You probably have a lot of questions about what determines whether you can obtain favorable terms for your mortgage or even get approved for one at all as you prepare to start the mortgage and homeownership process. Your credit score is one of the key factors a mortgage lender will take into account when determining whether you qualify for a mortgage.
The credit score you see for yourself, however, and the score they use to assess your creditworthiness aren’t always the same. It’s crucial to comprehend which credit scores mortgage lenders will look at during the approval process in order to make the strongest case for favorable terms on your loan.
What Are The Different Types Of Credit Scores?
Credit scores are not the same across the board; in fact, three major credit bureaus manage each individual’s credit score, and each bureau conducts the process slightly differently. This results in slightly variable credit scores among the three. Experian, TransUnion and Equifax are the three bureaus in charge of managing credit scores, and each one will keep a score for you, regardless of whether you have previously conducted any business directly with them.
In addition to the unique methods each bureau uses to determine a credit score, FICO (an acronym for Fair, Isaac and Company) has developed specific models that each bureau uses to determine credit scores. Mortgage lenders will review all three of the credit bureaus’ reports when pulling your credit score.
Which Credit Scores Are Mortgage Lenders Primarily Interested In?
When determining your likelihood of getting a loan approved, the lender will request a credit score from each of TransUnion, Equifax, and Experian. The FICO® Score 2, also known as the Experian/Fair Isaac Risk Model v2, the FICO® Score 5, also known as the Equifax Beacon 5, and the FICO® Score 4, also known as TransUnion’s FICO® Risk Score 04, are the three scores that will be specifically examined.
Each of these scores can range, typically within less than about 80 points of each other, and most mortgage lenders will take the middle score as your assigned credit score. This may change slightly if you are applying jointly with someone else, in which case they will often evaluate all scores involved and choose the lower of the middling ones.
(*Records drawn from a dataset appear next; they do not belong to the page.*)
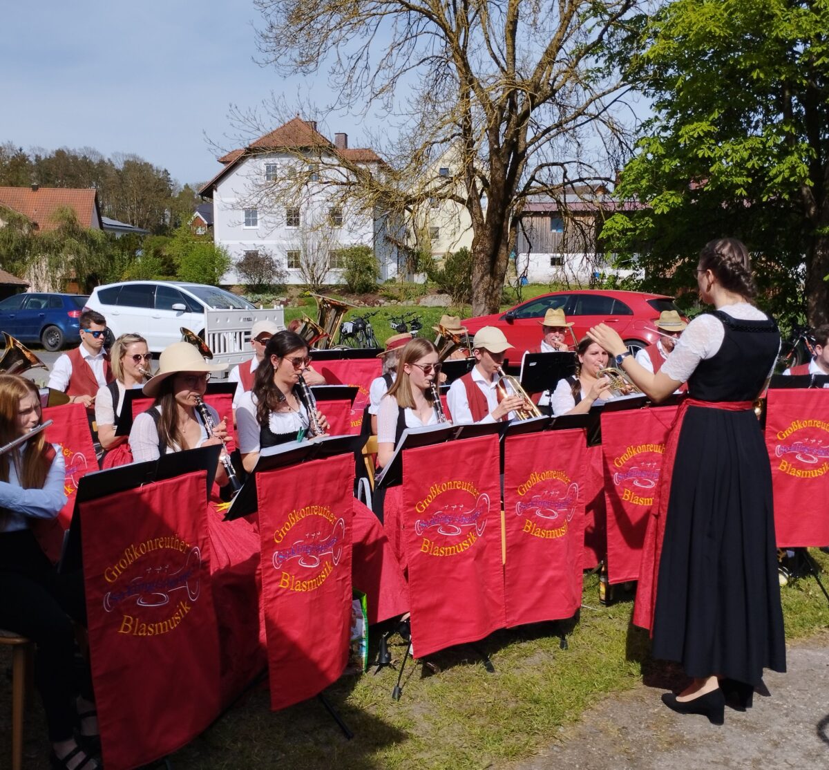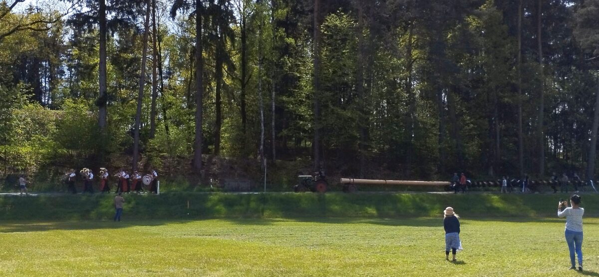 Um 15 Uhr waren die Biertische und-bänke gut gefüllt. In Begleitung der Großkonreuther Blasmusik marschierten die Männer und Frauen mit ihren von alten Traktoren gezogenen Maibaum ein. Zuerst der ,große Maibaum, hinterher der etwas kleinere mit den Kindern.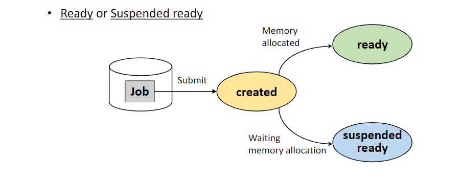> 가용 메모리 공간 체크 및 프로세스 상태전이(Ready or Suspended ready)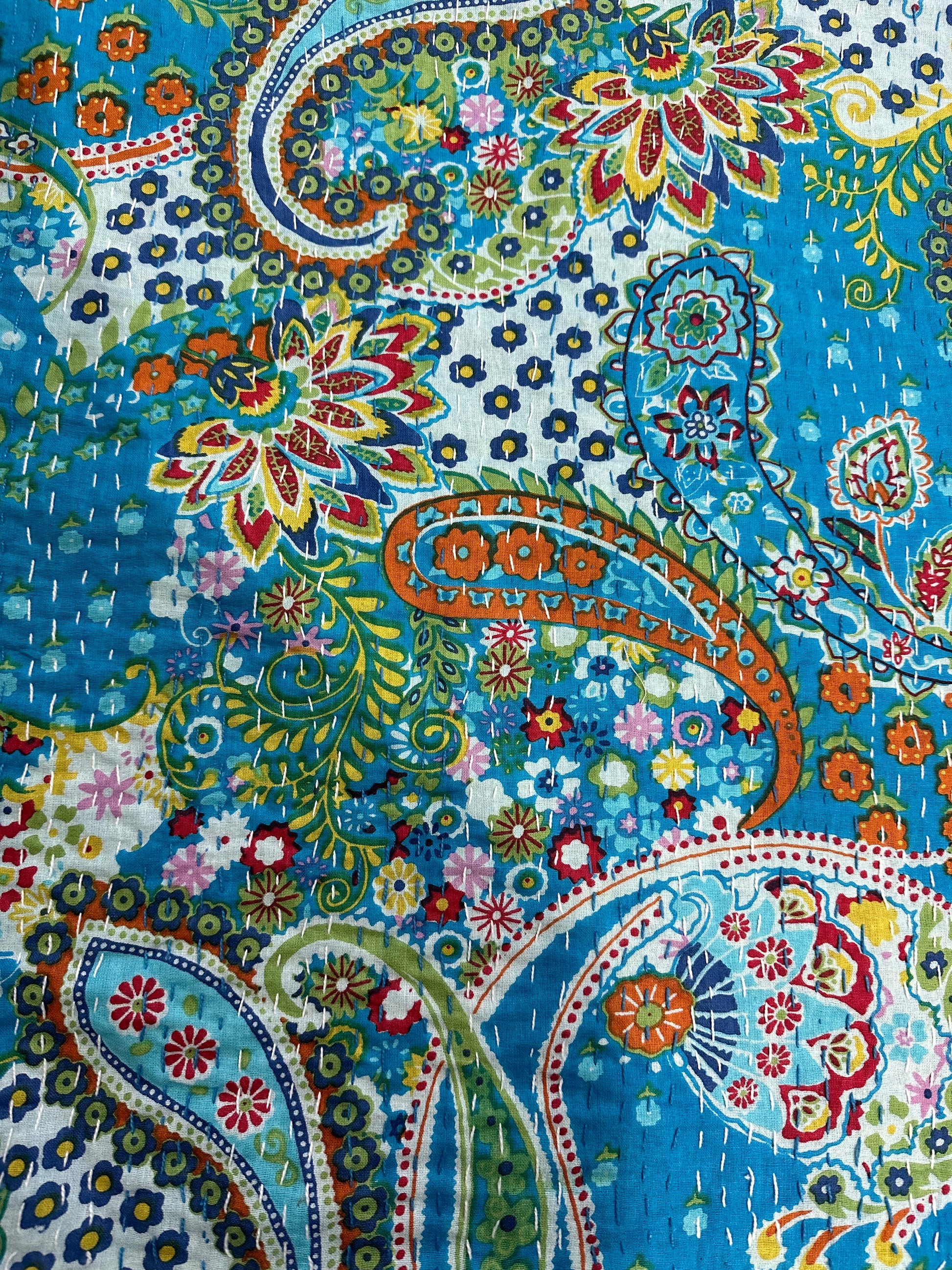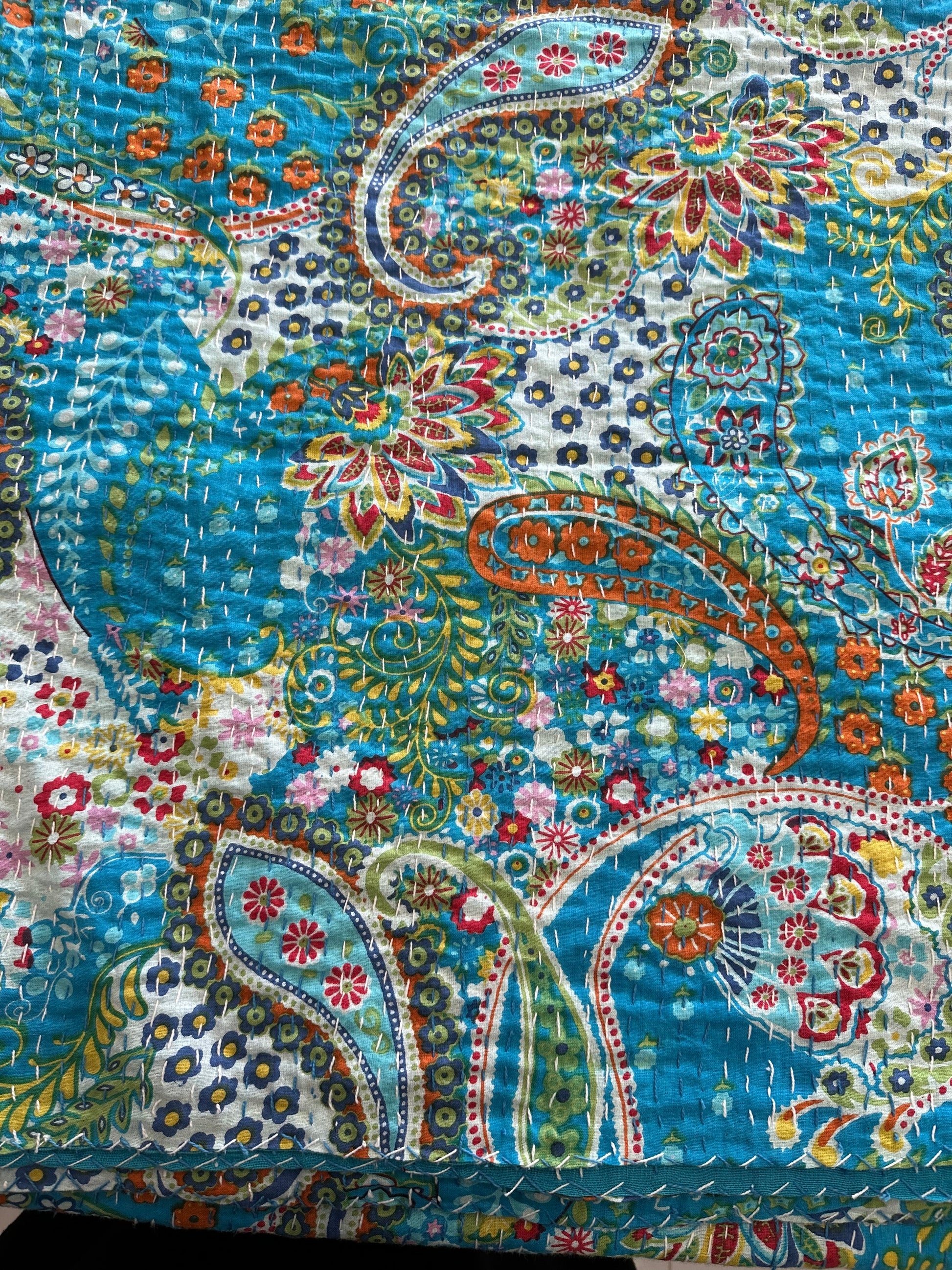 - Traditional Exquisite Kantha Embroidery Stitches across the length of the throw

Keep your credit score in this middle range at least at 580 if you want to increase your chances of getting a mortgage loan. If your credit score is below this, it could have a significant impact on how favorable your mortgage terms are (e.g., only allowing you to qualify for loans with high interest rates), or it could prevent you from getting a loan at all. Your credit score affects how favorable a loan may be. Scores of at least 700 are regarded as excellent, while those of 800 or higher are exceptional.
Small Changes That Can Impact Your Credit Score
There are a few things to be aware of if you want to raise your credit score before applying for a mortgage or if you intend to make specific purchases while buying a home. Strong ways to improve your credit include paying off credit cards on time, keeping up with debt payments, and not using a lot of credit.
One of the worst things a person can do when buying a home is to start putting furniture and other things on a credit card in order to get ready to move in. This will raise your debt to income ratio, which could have a negative effect on your credit score as well as how lenders view your overall financial situation.
Inexperienced buyers frequently find themselves denied during the later stages of the purchase process after receiving preapproval and starting to charge expenses for their new home on their credit card as a result of the subsequent credit and financial solvency evaluations.
Talk To The Mortgage Pros For Guidance During The Loan Process
If you are trying to secure a favorable home loan for your real estate purchase and are concerned about your credit or would like to learn more about your options given your current creditworthiness, be sure to talk with a real estate and mortgage financing expert.
The experts at Fairfax Mortgage Investments would be delighted to assist you in obtaining favorable terms on your mortgage and to get you ready for the home closing process. Make contact to arrange a meeting so that you can discuss your situation and create a plan that will put you in the best possible position to make this crucial financial decision.
Can FICO 8 be used for mortgage?
Base FICO® Scores, like the FICO Score 8, are made to forecast the likelihood of failing to pay any debt, including credit card debt, student loans, and mortgages, in the future.
Which FICO score do auto lenders use 2021?
The most recent version is FICO® Auto Score 10, which was released in 2020 (as of this writing). FICO® Auto Score 2, FICO® Auto Score 4, FICO® Auto Score 5, and FICO® Auto Score 8 are still widely used by auto lenders.
What credit score is needed for a 2021 house?
When you apply for a conventional loan, it is advised that your credit score be 620 or higher. Lenders may not be able to approve your loan or may be required to offer you a higher interest rate if your score is below 620, which could result in higher monthly payments.
What FICO credit score can qualify for the best mortgage rates?
A credit score of 700 or higher will typically result in a borrower receiving a lower interest rate, and although mortgage experts claim you can still qualify for some loans with a score below 680, the 700s are where you can expect to pay the lowest rates.